Nothing about my body had ever been urgent. I’ve had colds and flus, a broken nose and plenty of torn muscles. I’ve given birth twice. Never urgent. I was a dancer. I thought my body was under my control.
Urgent
I heard the word over and over in the rhythm of the train ride back to where I was staying. I heard it in the hum of my computer as I waited for it to turn on. I heard it in the click of the keys as I typed LAM into the Google search bar.
8-10 year life expectancy
Diminished quality of life
Lung transplant
Suffocation
Those were the words that stood out as I sat alone and tried to comprehend how what I read on the screen applied to me. I couldn’t. I went out and drank far too much wine instead. After that, I went for lashing out at people I care about for things that didn’t really matter. Everything seemed so immediately important. Every happy moment was ten times happier and every hurt feeling ten times more painful. My skin and heart and mind were supersonic and there was no way for me to control it. Why was everyone else so healthy and willing to thoughtlessly waste my time?
I know that wasn’t reality, but it was my reality.

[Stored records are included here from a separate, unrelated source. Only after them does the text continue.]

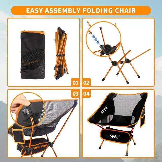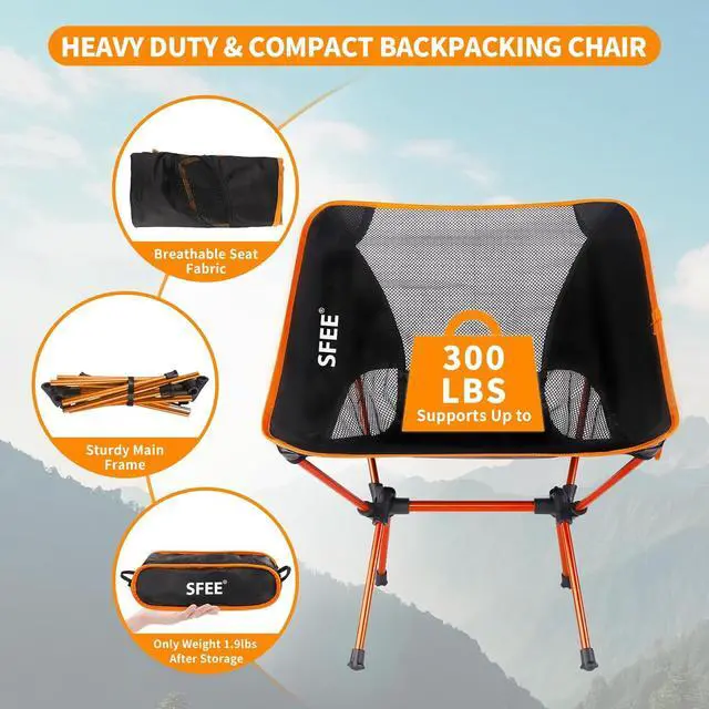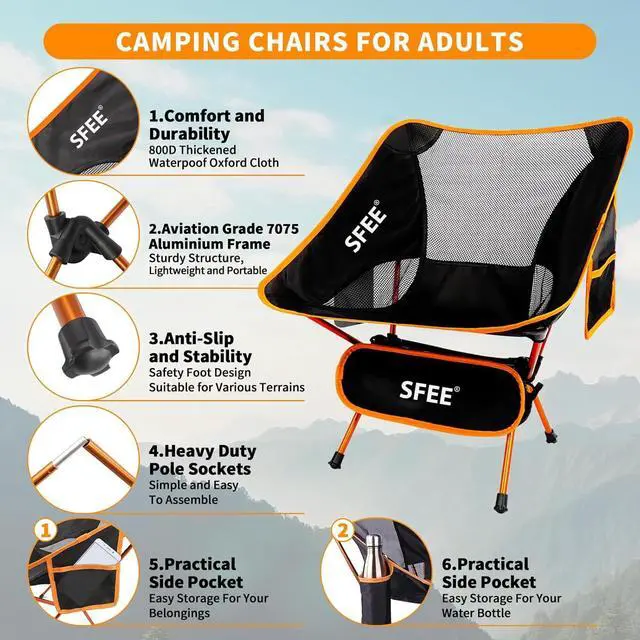 Comfort & Durability: Sfee folding camping chairs are made of 800D Oxford cloth with heavy duty high-strength aircraft-grade 7075 aluminum rustproof alloy frame. Both durable and naturally resistant to wrinkles. The frame made of heavy-duty aluminum ensures the stability and durability of this camping chair, it is capable of taking weight up to 330 lbs. Breathable mesh back keeping you comfortable and cool throughout long sessions. Folding chair is perfect for camping, BBQ, picnics, beach.
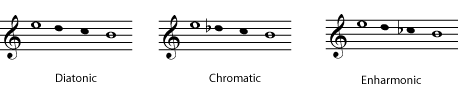 The perfect fourth is an interval that occurs naturally, for example in string and wind instrument harmonics, so we can be pretty certain that we understand that part of ancient Greek music theory. It is more difficult to be certain of the exact tuning of each note within a tetrachord. Enharmonic tetrachords are particularly confusing; it is clear that two of the notes were very close in pitch. As shown in Figure 2, they are often notated so that, using modern tuning, the two notes would sound the same. This sameness is a result of equal-tempered tuning, however; other tuning systems have been used which cause enharmonic notes to be tuned slightly differently. It is not clear whether these ancient tetrachords actually had only three distinct pitches (it would not be the only time that something existed only to make a theory seem more consistent), or whether the two "enharmonic" notes were actually slightly different. References to "shading" in some of the ancient texts may have referred to differences in tuning.
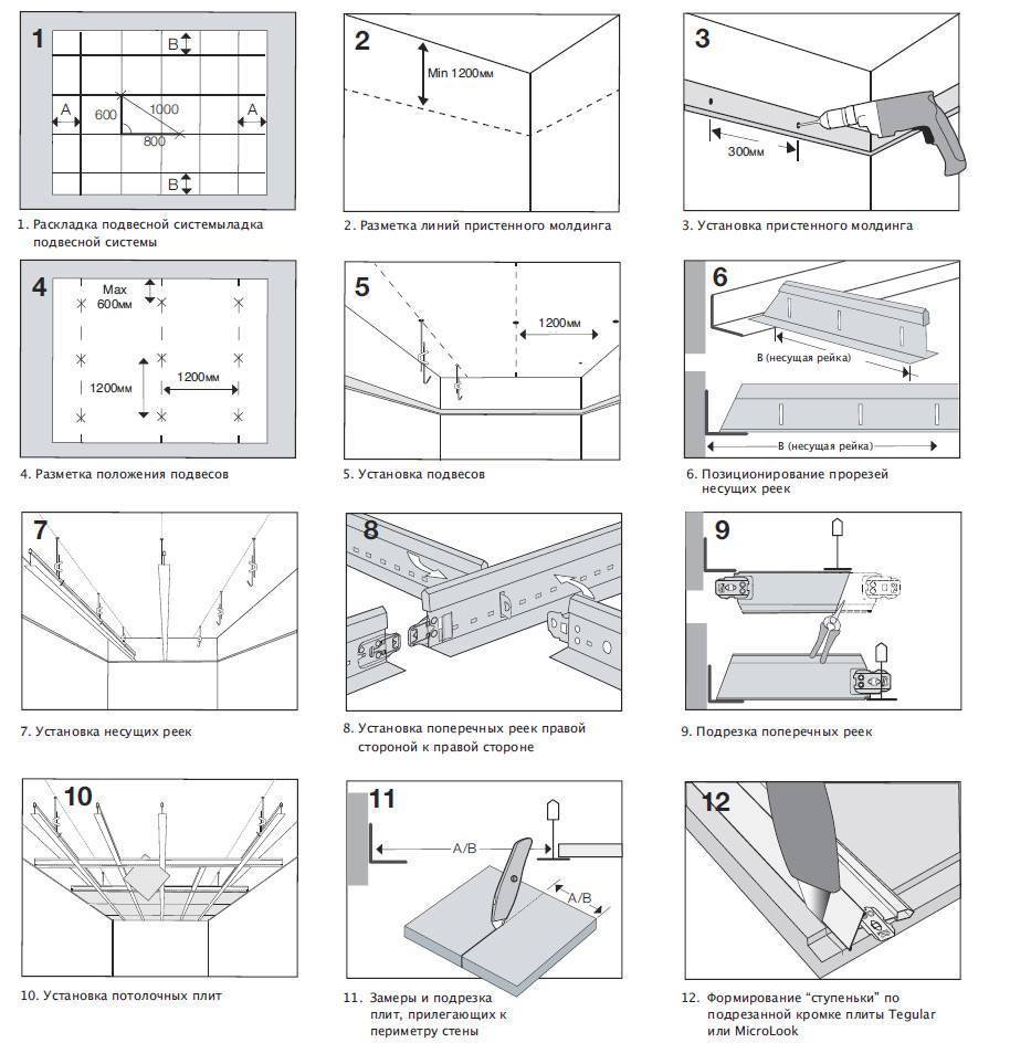 Таблица 2. Последовательность монтажа потолка Армстронг.

At 5:00 pm on the night before Thanksgiving, I sat in the pulmonologist’s office for my official diagnosis of lymphangioleiomyomatosis. I actually beat some odds. I passed all the breathing tests, and I am still in the very early stages of the disease. Researchers have learned a great deal about LAM over the last few years, and I am in a great place to beat those 10 year odds. No one knows when or if I will ever suffer the debilitation of LAM. It’s too rare a disease, only 1500 cases diagnosed in the US.
And I’m still dancing in The Nutcracker this weekend so it doesn’t have me yet.

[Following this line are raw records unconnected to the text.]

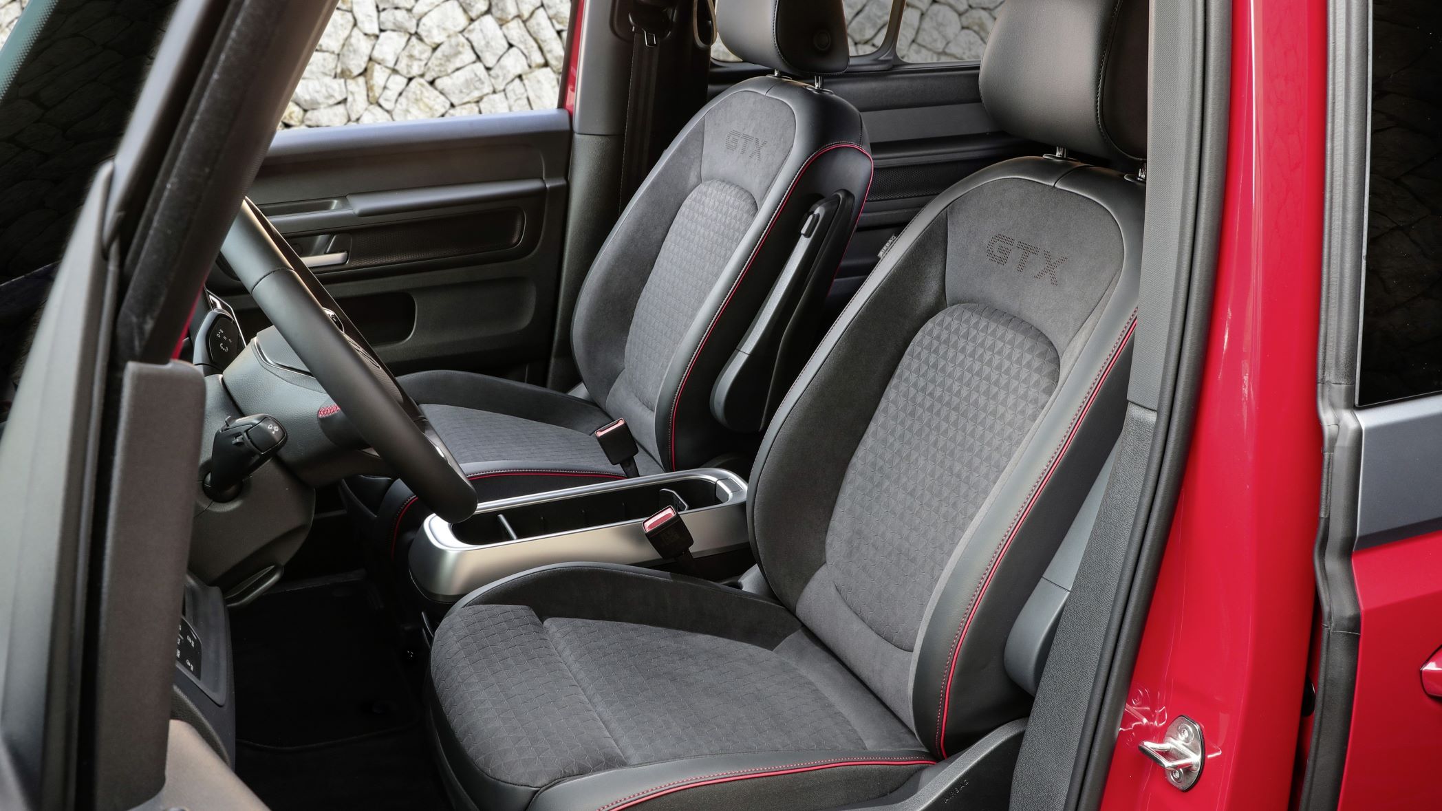 Inside, darker tones underline the sporty character, with GTX the only model in the line equipped with a black headliner. The seats feature a GTX-specific design, with covers of black ArtVelours Eco microfleece, a diamond pattern, and red piping/stitching.
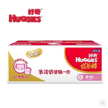 好奇金装拉拉裤学步成长裤女宝加大号XL64片箱装
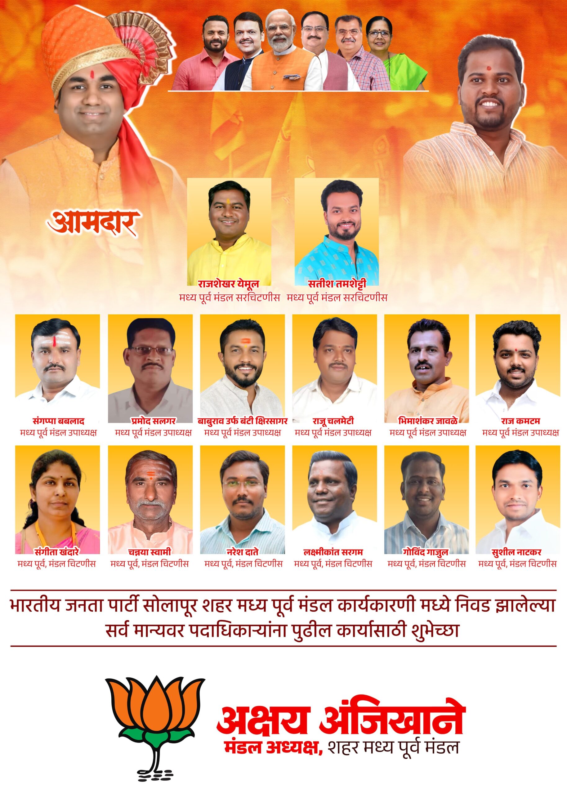 भाजपा सोलापूर मध्य पूर्व मंडल कार्यकारणी जाहीर ; या कार्यकर्त्यांना मिळाली संधी

I haven’t gotten over that immediacy of life part yet. I’m still quicker to happiness or anger or sadness. I still feel the need to say what I might have held back before, or do what I might have left undone. I’m not the same person I was before that Tuesday afternoon phone call. I suppose it’s going to take some time to discover this new version of the best and the worst of me.
I’ve been going once a week to the Chinese acupuncturist. On my first visit, he flicked his needles all over my body and dimmed the light.
“Sometimes life brings us a challenge that is bigger than we think we are,” he said. “But we still fight.”
He patted me gently on the knee, closed the door, and left me alone to do just that.
As I lay there, I thought…this is my life! The one that waited for me behind the curtain when I was a little girl. The moments between beginnings and endings that I’ve been able to watch unfold with the precious gift of time.
This is my life.
Maybe it was just a little girl’s dream, but I’m glad life didn’t fall into my lap all at once. I’m glad I’ve been able to collect my memories and carry them with me one at a time. And I do carry them. All of them. The people I’ve met are precious to me. I used to think love was my greatest weakness and that when the world stopped amazing me I’d have an easier time of things. Now that I know how fleeting life is, I’m glad I still have a sense of wonder.
Last night, I had a new dream. I was in my backyard spread out on my back in the snow, but it wasn’t cold. There was a white cloud above me, and I watched it give birth to new snowflakes. They fell toward me, taking shape as they got closer, each one a beautiful, individual surprise. Every flake landed on my body. Some felt wonderful as they melted against my skin but some of them burned too. I knew if I got up and went inside, I wouldn’t have to feel anything at all…but I wasn’t ready. It was worth it to witness the beauty and wonder between the beginning and the end.
I’m sorry lymphangioleiomyomatosis. I know you want to take my breath away, but you’ll have to get in line. Life already got here first.